What took adoption of graph database like Neo4J so much time compared to RDBMS databases?


(Shekhar Arya) #1

I just got introduced to Graph Database Neo4J and was amazed at its speed, performance, capabilities and above all ease of model development !

"What you design on whiteboard , is what is , your database model"

Why development and adoption of graph database like Neo4J was so slow till now and why it took so long being such viable and performant RDBMS database alternative?

Were we lacking in technology, analytical abilities, graph theory ? What kept the IT world devoid of this great database concept and why we were pushed into RDBMS world instead a more logical system like Graph databases?


(Andrew Bowman) #2

I imagine the use cases and current capabilities drove db development.

First there was a need to store organized data, and spreadsheet applications seemed to grow from that need, naturally emerging from pen-and-paper spreadsheet usage.

Then there was a need to centrally store this data and apply rules to it and query it, which is where RDBMS grew from, likely taking on its form out of the familiarity and usage of spreadsheets.

Once you have reliable data storage, rules, and standard and effective querying, then came the need for connected data. SQL join tables seemed to fill that need for a long while, using the same technologies already in use, as well as the familiar SQL query language. This works mostly when the connections are simple, limited, and known.

I believe only in the recent decade or two have the needs for efficiently querying connected data exceeded the capabilities provided by RDBMS. We can see this for recursive queries (friend of a friend of a friend of a...), and even more so when you do not know what types of nodes/tables you're joining together (reachability queries, or those where you're looking for connections when you don't know how they're connected), which escapes the basic capabilities of join tables.

The thing is, companies have been solving these problems on their own for awhile out of necessity (think Google, LinkedIn, Facebook, etc), and have often used their own proprietary approaches, their own private graph (or proto-graph) dbs and systems, when RDBMS wasn't enough to meet their performance or modeling needs.

We can even see a few early public solutions that seem to fit the description of a graph db (such as Objectivity/DB, created in the early 90s), even if it didn't call itself one.

The other part of this is an easy to use query language that reflects simple modeling. The prevalence of SQL and growing reliability of RDBMS helped feed and continue its popularity. For table-based data, SQL is THE language. The standardization made it easy to incorporate into education, thus ensuring a de-facto fluency in SQL in the industry.

But the complexity of queries over connected data, as well as the complexities of modeling intricately connected data, have pushed SQL and RDBMS to its limits. Tabular modeling just isn't a good fit for this. We believe the easy modeling of data in Neo4j as well as the natural feel of the Cypher query language have been instrumental to its success.

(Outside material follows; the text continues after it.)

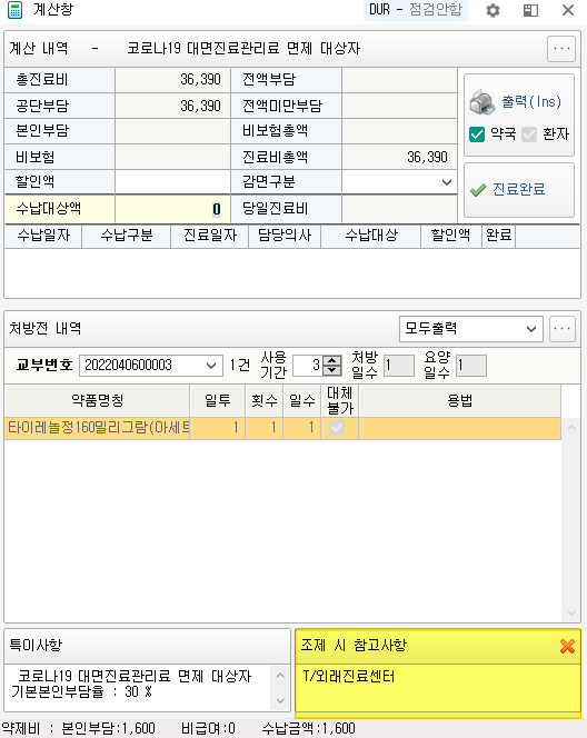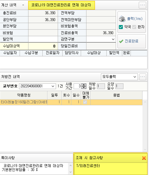 - 코로나19 대면진료 관리료 면제 대상 - 코로나 타질환으로 대면진료관리료 사용시 조제시 참고사항에 수록되지 않음 |
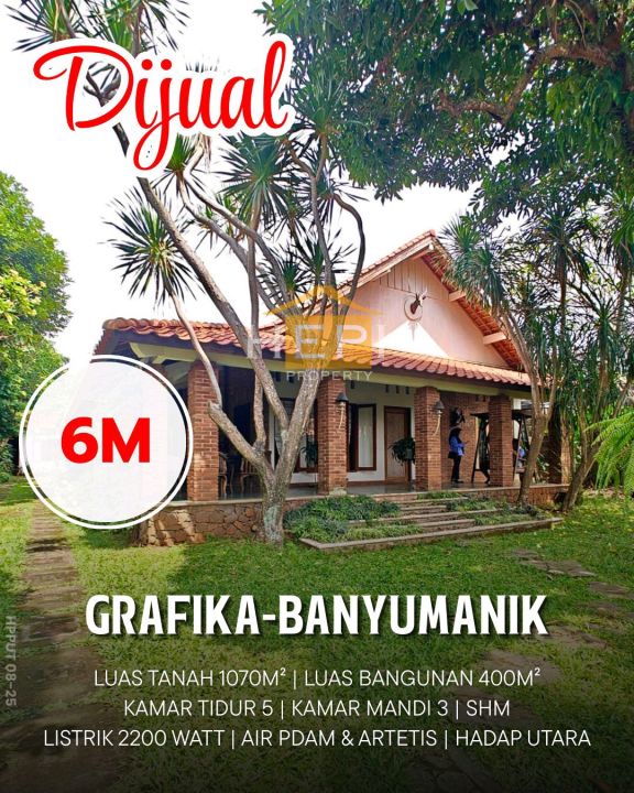 Hunian berkelas di Banyumanik, Semarang. Memiliki luas tanah 1070m² dengan bangunan 400m², terdiri dari 5 kamar tidur & 3 kamar mandi. Harga eksklusif: 6 Miliar. Lingkungan privat.

Using Cypher, we can express in only a few lines what may take 10s or 100s of lines in SQL. It is able to more naturally, simply, and powerfully express patterns of connected data.

So in short, RDBMS filled a more immediate need for storing and querying data in a form that fit prevalent previous usage (spreadsheets), and only once this need was met did the industry begin realizing that working with connected data was the next step, and that the tabular modeling and querying previously used wasn't a great fit for these new use cases.

RDBMS has had decades of work put into it for stabilization and optimization, as well as SQL as an industry-standard language. DBs have been more or less synonymous with DBMS using SQL until the NoSQL movement gained momentum, and only recently has the need for such data, for simple modeling, and for simple and performant querying outweighed those advantages. Keep in mind also that the volume of data being stored has increased drastically over the decades, so the weak points in RDBMS for storing and querying connected data have only recently been magnified by the sheer volume and variety of data stored to the point where alternatives are necessary.

Graph DBs are still relatively young compared to RDBMS. We're seeing steps taken now toward the formation of an industry standard language, GQL, which will be heavily based on Cypher and Cypher-influenced languages. That should provide a similar advantage to graph dbs as when SQL was established as a standard. Different modes of storage and clustering are emerging and competing and evolving, as these are more complex with connected graph data vs the tabular formats of RDBMS.


(Shekhar Arya) #3

@andrew.bowman Thanks for well defined answer. I feel cost of 'Memory' has also played a pivotal role in acceptance of RDBMS compared to Graph DB. As Graph DB's tend to keep more portion of data in memory compared to RDBMS. As RAM/Memory getting cheaper more and more in-memory DB and graph DB's will gain acceptance.